A few weeks ago I was seeing a lot of these errors in production:

ActiveRecord::ConnectionTimeoutError - could not obtain
a database connection within 5 seconds.

And then production went down.

For context, our stack is composed of a Ruby on Rails app with some React peppered in that is containerized by Docker, orchestrated by Kubernetes, and served up from AWS. We use AWS for our MySQL database instances, too.

We were getting a lot of 500 errors and users posting about not being able to use the app. I had the error above as a clue that either something was misconfigured (very unlikely since that would have been caught during our QA process) or the database itself was having trouble.

We went with the second option and opened up RDS in the AWS console. We have an m4.large instance serving up MySQL 5.6 to our production app. The instance was over 100% CPU usage.

So what do to next?

I knew from my time at Lessonly, that sometimes there's not enough available threads in the database connection pool. I remember reading this article on Heroku for insights. The relevant line in here is

Active Record limits the total number of connections per application through a database setting pool; this is the maximum size of the connections your app can have to the database.

I thought that since we have more customers and it was peak usage time then maybe there just wasn't enough database to go around. And the Heroku article laid out a simple solution, so I edited our database.yml file.

production:
  <<: *default
  database: iris_app_production
  reconnect: true
  username: <%= ENV['RAILS_DB_USER'] %>
  password: <%= ENV['RAILS_DB_PASS'] %>
  host: <%= ENV['RAILS_DB_HOST'] %>
  pool: 1̶0̶ 40 # Just to be dramatic.

That didn't do much after it was deployed so we nixed that, especially since it didn't explain the massive amount of CPU usage. The next thing we could do was narrow down where the problem was coming from. That meant temporarily disabling cron jobs to see if the source was a specific cron job or the main Rails app itself. We have four cron jobs: a daily job that runs in the early AM, an hourly job, and two every-5-minute jobs.

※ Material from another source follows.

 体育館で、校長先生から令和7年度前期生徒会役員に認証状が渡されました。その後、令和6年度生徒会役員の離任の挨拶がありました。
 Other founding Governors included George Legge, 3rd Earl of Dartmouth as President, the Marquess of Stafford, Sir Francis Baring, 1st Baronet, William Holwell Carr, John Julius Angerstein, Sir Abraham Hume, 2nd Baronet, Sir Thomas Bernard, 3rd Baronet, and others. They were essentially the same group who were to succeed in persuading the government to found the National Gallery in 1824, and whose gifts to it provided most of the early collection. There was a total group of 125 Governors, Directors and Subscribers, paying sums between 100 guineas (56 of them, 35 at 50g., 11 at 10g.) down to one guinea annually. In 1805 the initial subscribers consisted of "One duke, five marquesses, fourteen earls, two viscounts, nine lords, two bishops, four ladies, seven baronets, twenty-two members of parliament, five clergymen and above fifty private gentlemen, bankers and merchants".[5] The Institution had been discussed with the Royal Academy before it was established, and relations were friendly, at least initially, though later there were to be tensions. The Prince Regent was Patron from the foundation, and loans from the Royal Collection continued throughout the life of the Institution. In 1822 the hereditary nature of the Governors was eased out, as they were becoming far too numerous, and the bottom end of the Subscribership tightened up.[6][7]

The daily job could be dismissed off the bat because it had already run. The other jobs we disabled one by one to see if helped CPU consumption.

But that didn't work either. We saw no drop in CPU usage. The source of the problem was definitely with the app itself. At this point, an hour had already passed and I was stressed out of my fucking mind because production was down. Not a great feeling and I had to fix it regardless.

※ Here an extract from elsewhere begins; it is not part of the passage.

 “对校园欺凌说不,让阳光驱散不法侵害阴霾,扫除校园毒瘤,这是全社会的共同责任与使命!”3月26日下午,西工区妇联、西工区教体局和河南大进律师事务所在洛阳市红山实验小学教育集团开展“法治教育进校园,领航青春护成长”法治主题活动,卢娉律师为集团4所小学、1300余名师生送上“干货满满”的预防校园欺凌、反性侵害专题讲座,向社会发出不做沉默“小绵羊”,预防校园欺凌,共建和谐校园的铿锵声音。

I decided to switch tactics and try to investigate the actual queries that were running on the database. I connected to the production database and typed in

SHOW PROCESSLIST

This gave me back a table of all the active threads that were running in the production database.

(In retrospect, I should have started with this but ¯\_(ツ)_/¯).

The most relevant columns SHOW PROCESSLIST gives back are:

• Command: the command the thread is executing in the DB
  • Read more here
• Time: the time in seconds the command is taking to execute
• Info: the statement the thread is executing

This was it.

We had several rows stuck on execution with the same type of query:

SELECT * FROM communications
WHERE communications.access_token = "EXAMPLE"

The communications table had almost 600k records, which isn't a lot of records for a properly indexed table to perform a lookup. And lo and behold, the table wasn't indexed by the column access_token. All that was left was to create a migration:

class AddIndexToCommunications < ActiveRecord::Migration
  disable_ddl_transaction!

  def change
    add_index :communications, :access_token, algorithm: :inplace
  end
end

We use the algorithm :inplace to prevent the table from locking as its being indexed — the app still needs to use the table! If you're using PostgresQL then use the algorithm :concurrently. Since adding concurrent indexes can't be wrapped in transaction, we need disable_ddl_transaction!.

After the migration was deployed and run, CPU usage dropped from 100% to 2% when jobs weren't running, which is insane. This is why we properly index tables.